Бедненький, как тебя женщины замучат!
– Перестань, – сказал я.
– А впрочем, – она меня не слышала, – почему только женщины?
Наверное, и мужчины тоже. Потрясающее удобство, если так! Один только раз принять грех на душу и можно снимать с себя всякую ответственность. Остальное доделают без тебя.
– Прекрати, – сказал я.
Я еще не знал, как обстоит дело в действительности, но чувствовал, что совсем не так. Не мог быть Апельсин таким же сексуально сдвинутым, как Светка. Все должно было быть гораздо проще.
– К чему гадать? – сказал я. – Мы не врачи и не биологи. Ответы придут в свое время. А сейчас я просто прошу тебя. Ты можешь выполнить мою просьбу?
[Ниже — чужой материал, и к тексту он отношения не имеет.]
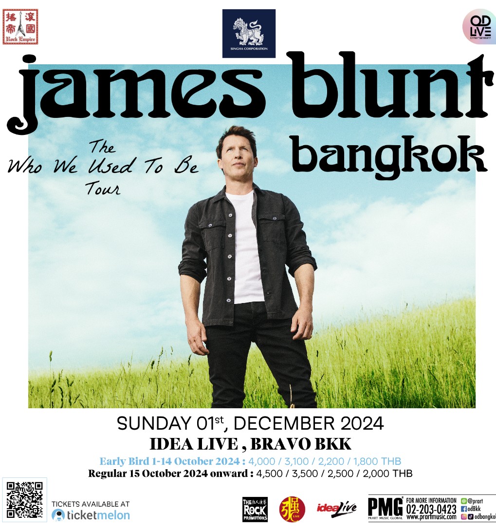 ได้เวลาที่แฟนเพลงชาวไทยที่รักและหลงใหลทั้งเสียงร้องและเมโลดี้ที่โคตรเพราะจะได้ร่วมกันต้อนรับการมาเยือนเมืองไทยของ James Blunt ศิลปินชาวอังกฤษ เจ้าของ “You’re Beautiful” บทเพลงสุดฮิตที่ได้รับการตอบรับจากคนฟังเพลงทั่วโลก กับโชว์ครั้งพิเศษที่ประเทศไทยหลังเว้นช่วง 13 ปี ใน “James Blunt The Who We Used To Be Tour Live in Bangkok 2024” ที่ 1 ธันวาคม 2567 ณ Idea Live ชั้น 5 BRAVO, BKK
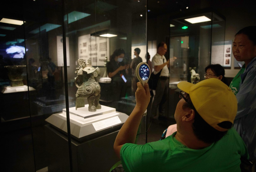 奇图无障碍成员在河南博物院用VR讲解器看“妇好鸮尊”

– Ну, разумеется, Господи, за кого ты меня держишь? Надо – значит надо. Обещаю надеть пояс верности, – дурашливо добавила она. – Только не тяни со звонком, когда можно будет снять. Хорошо?
А то ведь я и помереть могу, два тулупа в каскаде!
– Знаешь, Светик, признаюсь честно, в больших дозах я с трудом тебя выдерживаю. Извини.
Я вошел в комнату и лег рядом с Ленкой. А может быть, рядом с Аленой. Я не мог различить их. И мне хотелось плакать.
Утром пили «Байкал», пили пиво, пили холодную воду, пили шампанское. Есть не хотелось.
– Очень может быть, – сказал Альтер, – что нам теперь есть совсем не надо – достаточно солнечной энергии в виде лучей.
Ленка смотрела на Светку подчеркнуто равнодушно и ни о чем не спрашивала. Все три женщины дружно принялись наводить марафет. Я даже не помогал. Мне было тошно от полной апатии. И делами, как уже повелось, заправлял Альтер.
Он собрал нам с Ленкой (точнее не нам, а нашим возможным будущим копиям) кое-что в дорогу: рюкзаки, набитые уменьшенными до предела безопасными сибрами; удобную и теплую одежду и обувь (если придется удирать или если дело будет зимой); оружие – на всякий случай ( не нашлось ничего лучше легкого туристского топорика и устрашающего вида ржавого мачете, привезенного мною из колхоза, где оно служило для обрубания свекольной ботвы); и, наконец, текст нашего обращения. Подумав, Альтер добавил к этому фонарик, спички, моток прочной веревки, золотую монету – вот уж полная бессмыслица! – и фляжку коньяку. Никто не мог знать, когда и где нашим копиям суждено возникнуть из небытия, но возникнув, они сразу начнут действовать – так мы настроили себя. Может быть, у них даже не будет времени на размышления. Может быть, они наломают дров. У нас не было выбора. И мы т олько верили – о, как мы верили! – что этим копиям не придется возникнуть.